Let: - N be the number of elements; - k be their rank; - s be the value of the exponent characterizing the distribution.

Zipf’s law then predicts that out of a population of N elements, the normalized frequency of the element of rank k, normalized_freq(k, s, N), is:

\({\displaystyle normalized freq(k,s,N)={\frac {1/k^{s}}{\sum \limits _{n=1}^{N}(1/n^{s})}}}\)

2.1 Some notes about Zipf’s law:

The following list summarizes the consequences of Zipf’s law in relation to language:

The value of s is approximately 1.
Zipf’s law is universal. It applies to any text, regardless of the genre, language, time, or place.
Zipf’s law applies to not only natural language data but also data related to human language, such as music and programming language source code.
The law is a rough approximation, and both the heads and tails of distributions often deviate. The plots of some texts show a convex tendency. Furthermore, certain kinds of texts show a large deviation from a power law.
Changing the elements from words to morphemes or characters changes the shape of the plot.
There are other power laws related to Zipf’s law.

3. Study Data

These studies, will attempt to apply these “statistical universals” to four “languages”, English, Spanish, Khipu, and Quechua. Khipu may, or may not, be a language. We’re pretty sure the other three are :-)

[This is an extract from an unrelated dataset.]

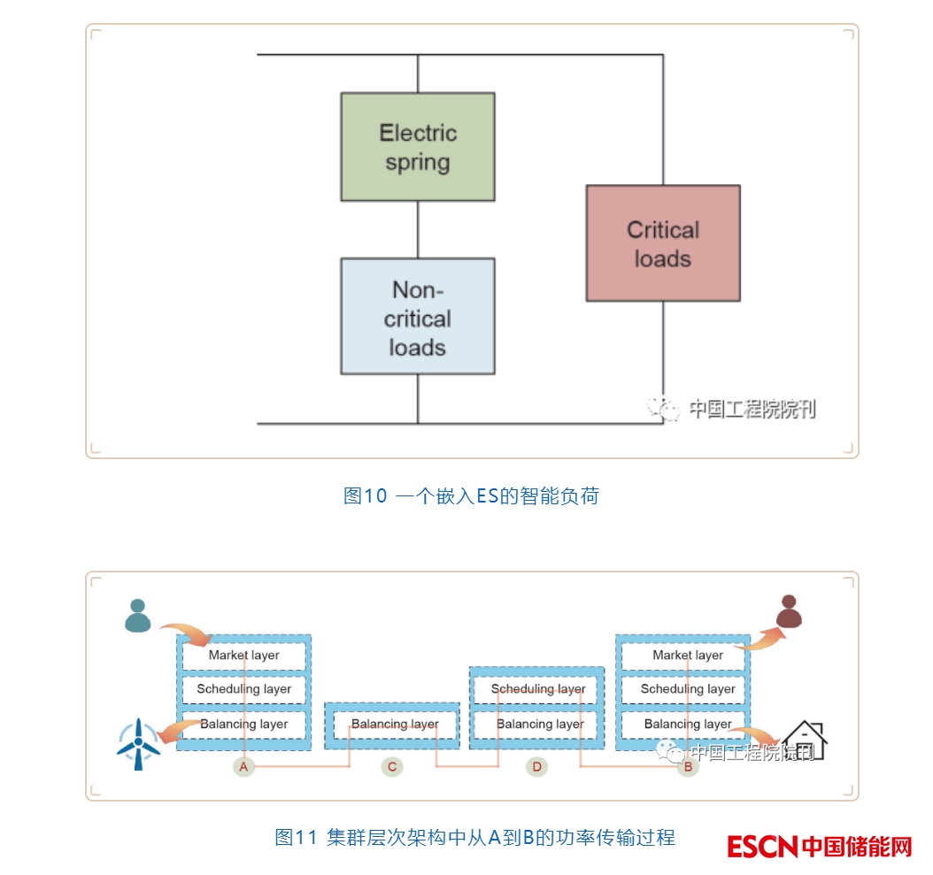 (3)平衡層。計(jì)劃層能確保集群在調(diào)度時(shí)間步長(zhǎng)(幾秒鐘或者更短時(shí)間)內(nèi)維持凈功率平衡。為了維持凈功率平衡,需要消除由于集群內(nèi)發(fā)電或負(fù)荷波動(dòng)造成的與計(jì)劃功率平衡的偏差。研究人員為外圍集群發(fā)明了電力彈簧(electric spring, ES),它沒(méi)有用于輸電系統(tǒng)同步發(fā)電機(jī)的調(diào)速器和勵(lì)磁系統(tǒng)。ES是一種電力電子設(shè)備,它利用普遍存在于外圍集群中的負(fù)荷來(lái)消除功率偏差。由于某些負(fù)荷(如熱水器、空調(diào)和非必要的照明等)能夠承受短暫的功率降低或增加,而且自身無(wú)明顯不良影響,可以將這些負(fù)荷認(rèn)為是非重要負(fù)荷。ES與非重要負(fù)荷以串聯(lián)或者嵌入的方式組合連接,并將該組合與其他負(fù)荷(重要負(fù)荷)并聯(lián)連接,如圖10所示。當(dāng)出現(xiàn)供電盈余或者不足時(shí),ES將暫時(shí)的功率不平衡量轉(zhuǎn)移給非重要負(fù)荷,通過(guò)讓非重要負(fù)荷消耗更多或者更少的功率來(lái)消除集群內(nèi)的功率不平衡。嵌入ES的智能負(fù)荷可以被視為一個(gè)高級(jí)的需求響應(yīng)系統(tǒng)。

Seven sample files are the subject of this investigation:

Sample 1: 00_Train_English_Moby_Dick.txt - English Moby Dick by Herman Melville. This file is used as a reference check, since it is also used by Kumiko Tanaka-Ishii.
Sample 2: 01_Train_English_Magister_Ludi.txt - the translated work of the novel by Herman Hesse
Sample 3: 02_Train_Espanol_El_Espia_del_Inka.txt - The Spanish text of El Espía del Inka (Spy of the Inka) by Rafel Dumett
Sample 4: 03_Train_Quechua_New_Testament.xml - an XML document containing the Quechua New Testament in XML Form.
Sample 5: 10_Train_Khipu_Document.txt - a text file containing one (very long) line per khipu, where each line is the khipu’s entire data represented as a very long text string (think of it as a pickling of the data using English instead of numbers). This is the same long document description used in hierarchical grouping, where it’s use is described in detail.
Sample 6: khipu_docstrings.csv - a csv dataframe with columns that comprise a khipu name, and a list of each khipu’s pendant cord colors, pendant cord values, and pendant knot sequence

3.1 Reading in the Study Data - Making Words

Code

# Initialize plotly
import plotly
plotly.offline.init_notebook_mode(connected = False);

Code

import os
import utils_loom as uloom

def clean_word(aWord):
    return aWord.replace(",","").replace(".","").replace("\t","").replace("\n","").strip()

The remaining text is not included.